Von dem niederländischen Schriftsteller Leon de Winter ist zuletzt der Roman „Ein gutes Herz“ erschienen Bild: Joost van den Broek/Hollandse Ho

Für seine politischen Äußerungen ist er umstritten, für seine Romane wird er geliebt. Zudem stellt der niederländische Schriftsteller Leon de Winter sein Judentum selbstbewusst ins Zentrum des Werks. An diesem Mittwoch wird er sechzig Jahre alt.

          Das lakonische niederländische Wort für Schriftsteller lautet „schrijver“. Und wenn unser Nachbarland einen Schreiber im besten Sinn des Wortes kennt, dann Leon de Winter. Seit er zwanzig ist, legt dieser Erzähler einen Roman nach dem anderen vor. Er hat sich als Kolumnist in die Debatten über Zuwanderung, Islamisierung und Rechtsextremismus eingemischt. Gleichzeitig legt er Wert darauf, sein Publikum zu unterhalten, verkauft hohe Auflagen und sorgt für Filmdrehbücher mit einer Professionalität, die dem subventionierten Literaturbetrieb Hohn spricht.

          Gleichzeitig sollte man das Missverständnis vermeiden, Leon de Winter unter die seichten Unterhalter einzuordnen. Wenn der Mann seine jüdischen Helden in Thrillern durch die halbe Welt jagt und den israelischen Geheimdienst in obskure Intrigen verwickelt, wenn eine alte jüdische Dame mit Waffen im Gepäck in den Bosnien-Krieg aufbricht oder ein jüdischer Gangster seinen Sohn in Amsterdam aus einem muslimischen Geiseldrama rettet, dann richtet sich De Winters Blick auf eine Welt, deren Ausrottung seine Eltern im Versteck mit knapper Not überlebten. Anstatt den vermeintlichen Skandal des Überlebens schamhaft zu beschweigen oder wenigstens kein Aufsehen mehr um die auferlegte Besonderheit nach 1945 zu machen, stellt Leon de Winter sein Judentum in den Mittelpunkt - gerade auch in den absurdesten Abenteuern.

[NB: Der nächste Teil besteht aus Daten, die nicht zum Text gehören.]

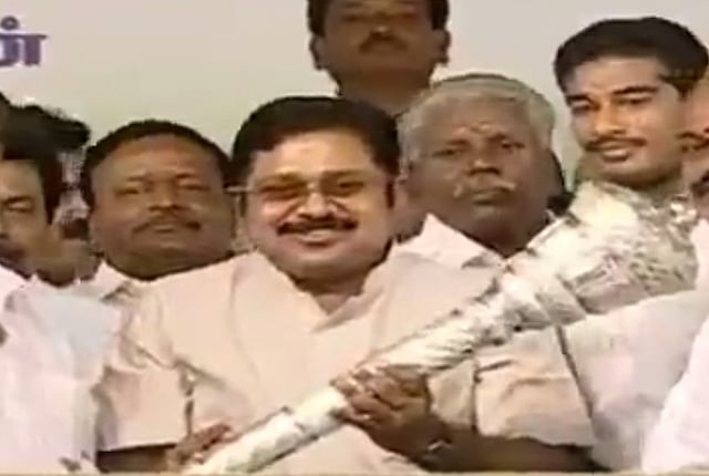In what has become an all-too-familiar routine for the AIADMK, Dhinakaran’s arrival onto the stage was a spectacle that was reminiscent of the welcome Jayalalithaa often received. While TTV’s car had flower petals thrown onto its bonnet, party supporters surrounded his vehicle as he was entered the venue to founder MGR’s songs.
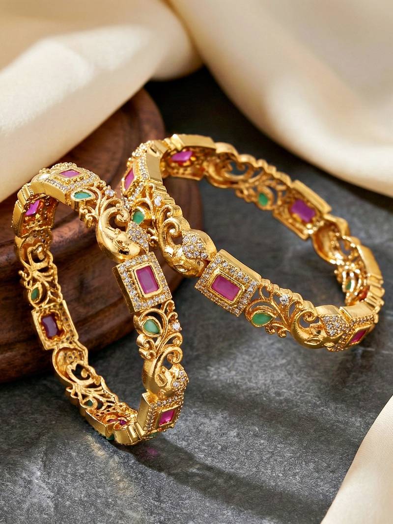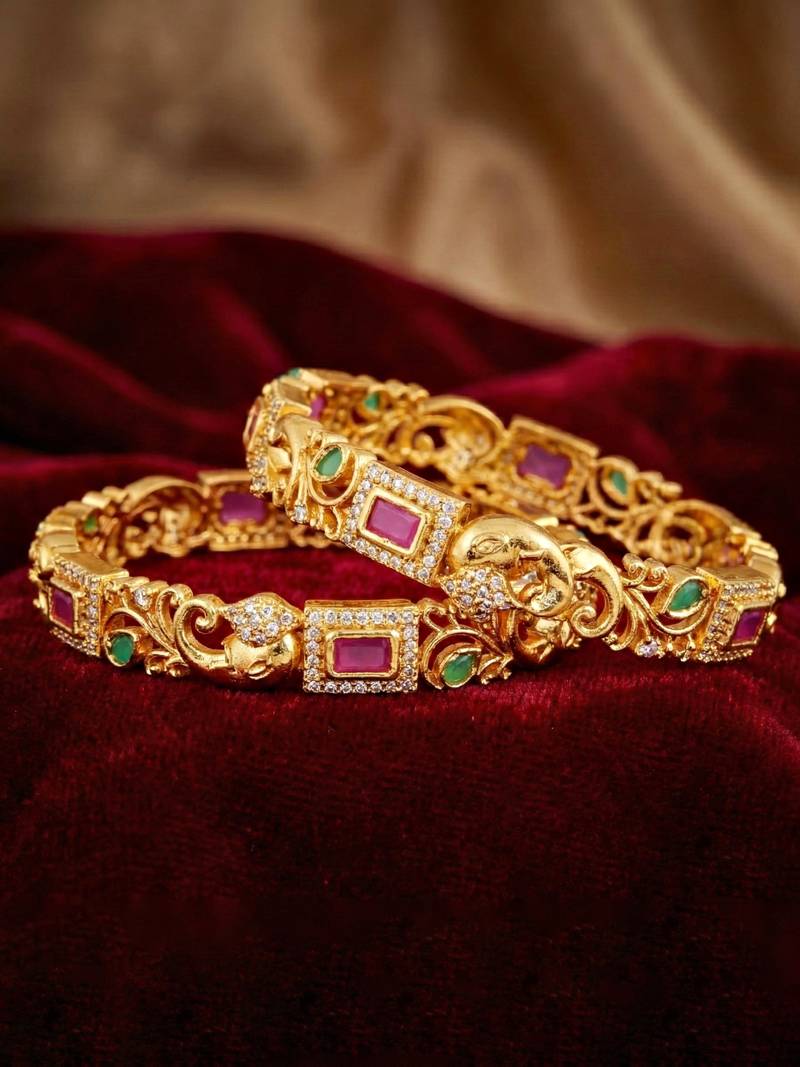 | Product Description | Lucky Jewellery Gold Plated Laxmi Temple Ad Pink Green Bangle (837 C1 Bg 2205 2) |
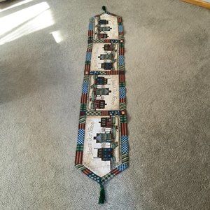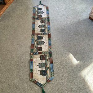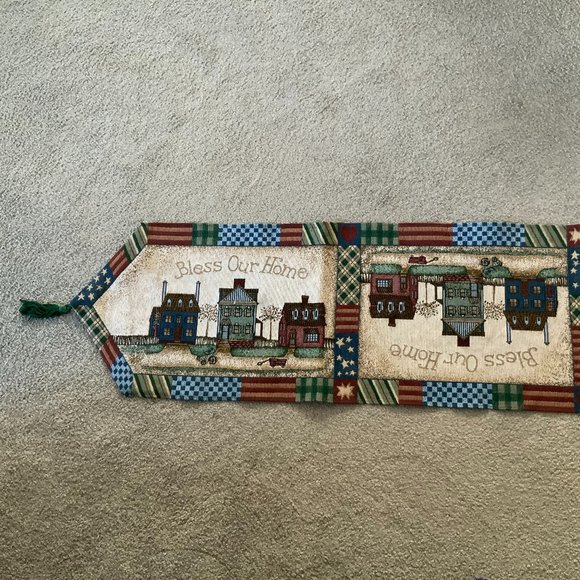 Bless Our Home Tapestry Table Runner NWT. Bright cheery design that repeats four times in opposite directions. Green tassle at each end. See photos.
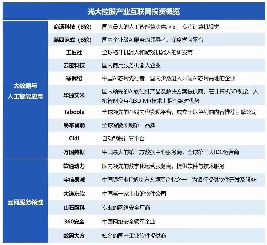 除了半導體領(lǐng)域,在產(chǎn)業(yè)物聯(lián)網(wǎng)領(lǐng)域,光大控股對大數(shù)據(jù)與人工智能、雲(yún)網(wǎng)服務(wù)兩大領(lǐng)域也進行了深度佈局。在大數(shù)據(jù)與人工智能領(lǐng)域,2016年投資了商湯科技(B輪);2017年投資第四範式(B輪),而後投資了兩家交互式機器人企業(yè)工匠社和雲(yún)跡科技。期間,還投資了AI芯片設(shè)計的公司寒武紀,以及專注虛擬實境的華捷艾米,人工智能廣告推送企業(yè)Taboola等;在雲(yún)網(wǎng)服務(wù)領(lǐng)域,光控投資了數(shù)家光通信、雲(yún)測試和人工智能數(shù)據(jù)標注軟通動力、宇信易誠,大連東軟等多家軟體外包商,山石網(wǎng)科和360安全兩家信息安全產(chǎn)品及解決方案提供商,還包括國內(nèi)知名的國產(chǎn)工業(yè)軟體提供商數(shù)碼大方等。

          An jüdische Riten montierte Supermänner

          Ihm hat diese Sturheit, zu den eigenen Wurzeln zu stehen und sie in die Verästelungen seiner Bücher wachsen zu lassen, böse Anfeindungen eingebracht. Theo van Gogh, später von einem muslimischen Fanatiker ermordet, nahm De Winter als eine Art Auschwitz-Masochisten obszön und geschmacklos immer wieder aufs Korn. De Winter dürften solche Attacken nur in seinem Auftrag bestärkt haben.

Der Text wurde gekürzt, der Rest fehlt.